Starting at the line that contains "iNews TV Religi", write out every line through the end of the records exactly as it stands, and leave out all pictures.
==== Exercise data ====
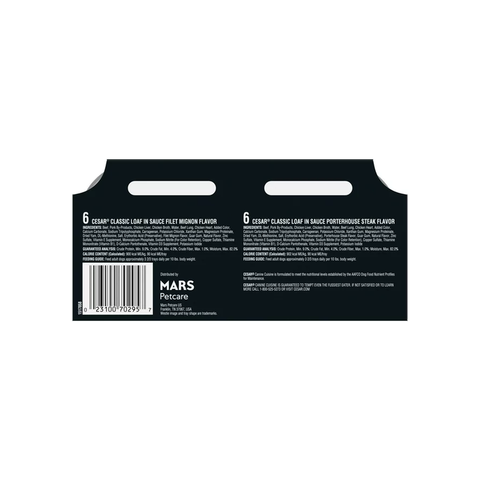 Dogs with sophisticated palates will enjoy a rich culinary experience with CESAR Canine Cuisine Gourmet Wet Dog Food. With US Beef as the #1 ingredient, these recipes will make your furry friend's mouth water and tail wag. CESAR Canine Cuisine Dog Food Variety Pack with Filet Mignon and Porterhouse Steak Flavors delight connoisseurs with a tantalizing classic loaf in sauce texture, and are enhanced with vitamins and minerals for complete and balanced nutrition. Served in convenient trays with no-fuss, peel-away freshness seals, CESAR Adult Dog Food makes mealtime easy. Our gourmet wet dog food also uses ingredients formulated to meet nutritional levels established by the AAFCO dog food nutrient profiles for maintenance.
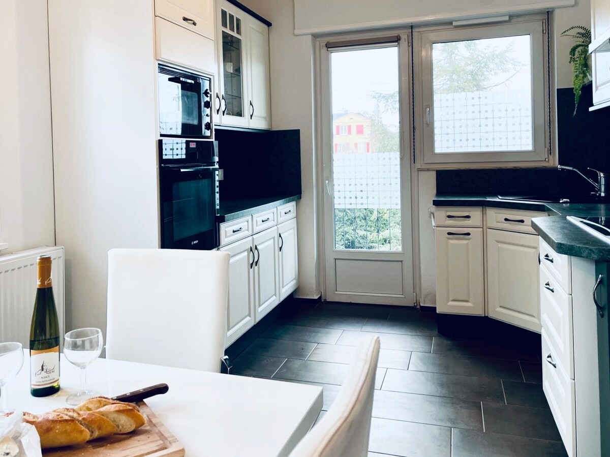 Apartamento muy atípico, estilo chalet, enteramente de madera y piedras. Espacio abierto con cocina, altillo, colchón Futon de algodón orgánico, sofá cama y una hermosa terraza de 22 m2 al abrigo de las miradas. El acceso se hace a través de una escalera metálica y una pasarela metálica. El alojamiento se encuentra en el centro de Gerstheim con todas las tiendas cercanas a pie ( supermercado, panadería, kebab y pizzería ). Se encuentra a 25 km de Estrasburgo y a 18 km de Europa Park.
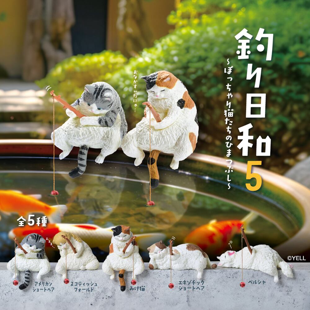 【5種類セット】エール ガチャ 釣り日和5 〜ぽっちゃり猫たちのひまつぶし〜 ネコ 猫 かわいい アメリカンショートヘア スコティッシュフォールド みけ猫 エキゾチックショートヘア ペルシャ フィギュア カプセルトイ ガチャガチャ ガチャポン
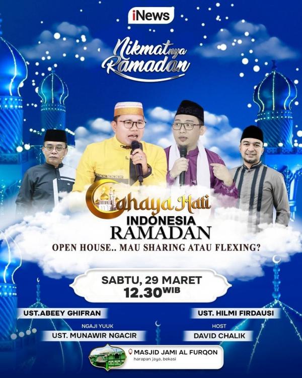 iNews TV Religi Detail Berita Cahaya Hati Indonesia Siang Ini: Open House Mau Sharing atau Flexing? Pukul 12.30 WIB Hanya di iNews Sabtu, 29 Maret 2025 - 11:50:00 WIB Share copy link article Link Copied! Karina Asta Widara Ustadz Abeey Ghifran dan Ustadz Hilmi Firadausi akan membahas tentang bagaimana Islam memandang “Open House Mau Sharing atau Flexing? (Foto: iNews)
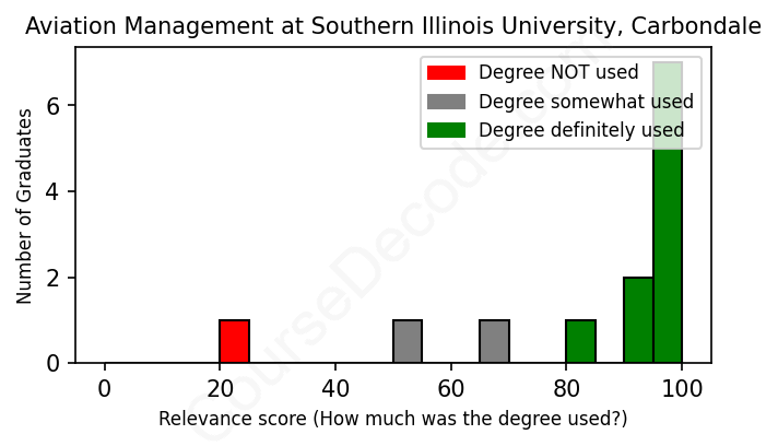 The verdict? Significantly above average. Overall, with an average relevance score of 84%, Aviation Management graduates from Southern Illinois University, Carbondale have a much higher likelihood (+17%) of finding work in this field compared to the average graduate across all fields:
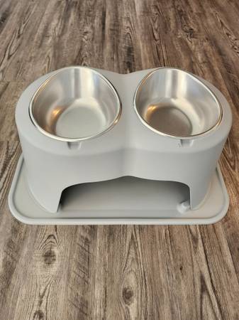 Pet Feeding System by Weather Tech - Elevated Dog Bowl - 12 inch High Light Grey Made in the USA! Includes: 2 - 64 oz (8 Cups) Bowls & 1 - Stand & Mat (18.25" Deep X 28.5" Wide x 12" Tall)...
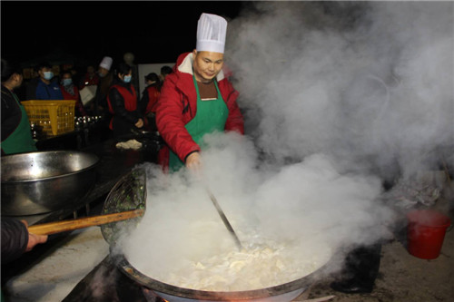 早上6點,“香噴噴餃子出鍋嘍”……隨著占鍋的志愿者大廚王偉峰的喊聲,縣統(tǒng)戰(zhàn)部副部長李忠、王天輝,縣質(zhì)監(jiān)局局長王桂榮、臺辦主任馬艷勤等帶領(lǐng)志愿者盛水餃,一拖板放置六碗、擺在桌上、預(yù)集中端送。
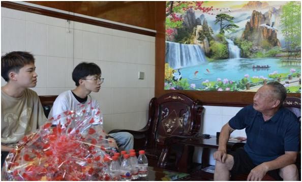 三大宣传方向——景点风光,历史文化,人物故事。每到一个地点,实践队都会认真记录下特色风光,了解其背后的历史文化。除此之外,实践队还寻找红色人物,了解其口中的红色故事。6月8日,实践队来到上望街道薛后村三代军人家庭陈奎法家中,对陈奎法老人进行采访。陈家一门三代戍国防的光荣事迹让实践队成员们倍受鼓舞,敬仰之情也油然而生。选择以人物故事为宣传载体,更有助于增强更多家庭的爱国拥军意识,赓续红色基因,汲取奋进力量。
====
Result of this exercise:
 iNews TV Religi Detail Berita Cahaya Hati Indonesia Siang Ini: Open House Mau Sharing atau Flexing? Pukul 12.30 WIB Hanya di iNews Sabtu, 29 Maret 2025 - 11:50:00 WIB Share copy link article Link Copied! Karina Asta Widara Ustadz Abeey Ghifran dan Ustadz Hilmi Firadausi akan membahas tentang bagaimana Islam memandang “Open House Mau Sharing atau Flexing? (Foto: iNews)
 The verdict? Significantly above average. Overall, with an average relevance score of 84%, Aviation Management graduates from Southern Illinois University, Carbondale have a much higher likelihood (+17%) of finding work in this field compared to the average graduate across all fields:
 Pet Feeding System by Weather Tech - Elevated Dog Bowl - 12 inch High Light Grey Made in the USA! Includes: 2 - 64 oz (8 Cups) Bowls & 1 - Stand & Mat (18.25" Deep X 28.5" Wide x 12" Tall)...
 早上6點,“香噴噴餃子出鍋嘍”……隨著占鍋的志愿者大廚王偉峰的喊聲,縣統(tǒng)戰(zhàn)部副部長李忠、王天輝,縣質(zhì)監(jiān)局局長王桂榮、臺辦主任馬艷勤等帶領(lǐng)志愿者盛水餃,一拖板放置六碗、擺在桌上、預(yù)集中端送。
 三大宣传方向——景点风光,历史文化,人物故事。每到一个地点,实践队都会认真记录下特色风光,了解其背后的历史文化。除此之外,实践队还寻找红色人物,了解其口中的红色故事。6月8日,实践队来到上望街道薛后村三代军人家庭陈奎法家中,对陈奎法老人进行采访。陈家一门三代戍国防的光荣事迹让实践队成员们倍受鼓舞,敬仰之情也油然而生。选择以人物故事为宣传载体,更有助于增强更多家庭的爱国拥军意识,赓续红色基因,汲取奋进力量。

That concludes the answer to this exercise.